Get the list of available data source names for use with this DataModule.

Return type

Sequence[str]

Returns

The list of data source names.

static configure_data_fetcher(*args, **kwargs)[source]

This function is used to configure a BaseDataFetcher.

Override with your custom one.

Return type

BaseDataFetcher

classmethod from_csv(input_fields, target_fields=None, train_file=None, val_file=None, test_file=None, predict_file=None, train_transform=None, val_transform=None, test_transform=None, predict_transform=None, data_fetcher=None, preprocess=None, val_split=None, batch_size=4, num_workers=0, sampler=None, **preprocess_kwargs)[source]
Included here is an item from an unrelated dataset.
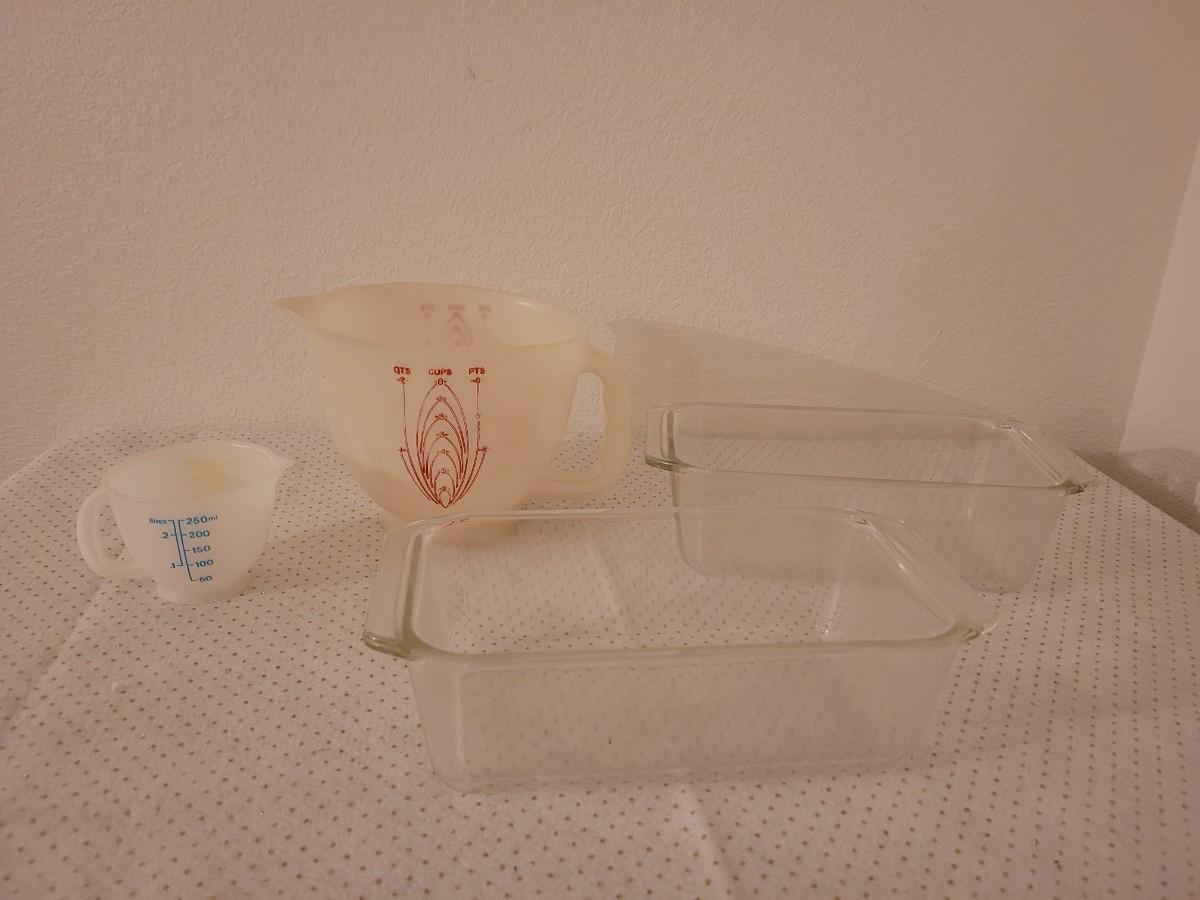 Lot 291: (2) Glass Pyrex Dishes and Measuring Cups

Creates a DataModule object from the given CSV files using the DataSource of name CSV from the passed or constructed Preprocess.

Parameters
Return type

DataModule

Returns

The constructed data module.

Examples:

data_module = DataModule.from_csv(
    "input",
    "target",
    train_file="train_data.csv",
    train_transform={
        "to_tensor_transform": torch.as_tensor,
    },
)
classmethod from_data_source(data_source, train_data=None, val_data=None, test_data=None, predict_data=None, train_transform=None, val_transform=None, test_transform=None, predict_transform=None, data_fetcher=None, preprocess=None, val_split=None, batch_size=4, num_workers=0, sampler=None, **preprocess_kwargs)[source]

Creates a DataModule object from the given inputs to load_data() (train_data, val_data, test_data, predict_data). The data source will be resolved from the instantiated Preprocess using data_source_of_name().

Parameters
Return type

DataModule

Returns

The constructed data module.

Examples:

data_module = DataModule.from_data_source(
    DefaultDataSources.FOLDERS,
    train_data="train_folder",
    train_transform={
        "to_tensor_transform": torch.as_tensor,
    },
)
classmethod from_datasets(train_dataset=None, val_dataset=None, test_dataset=None, predict_dataset=None, train_transform=None, val_transform=None, test_transform=None, predict_transform=None, data_fetcher=None, preprocess=None, val_split=None, batch_size=4, num_workers=0, sampler=None, **preprocess_kwargs)[source]

Creates a DataModule object from the given datasets using the DataSource of name DATASETS from the passed or constructed Preprocess.

Parameters
Return type

DataModule

Returns

The constructed data module.

Examples:

data_module = DataModule.from_datasets(
    train_dataset=train_dataset,
    train_transform={
        "to_tensor_transform": torch.as_tensor,
    },
)
classmethod from_fiftyone(cls, train_dataset=None, val_dataset=None, test_dataset=None, predict_dataset=None, train_transform=None, val_transform=None, test_transform=None, predict_transform=None, data_fetcher=None, preprocess=None, val_split=None, batch_size=4, num_workers=0, **preprocess_kwargs)[source]

Creates a DataModule object from the given FiftyOne Datasets using the DataSource of name FIFTYONE from the passed or constructed Preprocess.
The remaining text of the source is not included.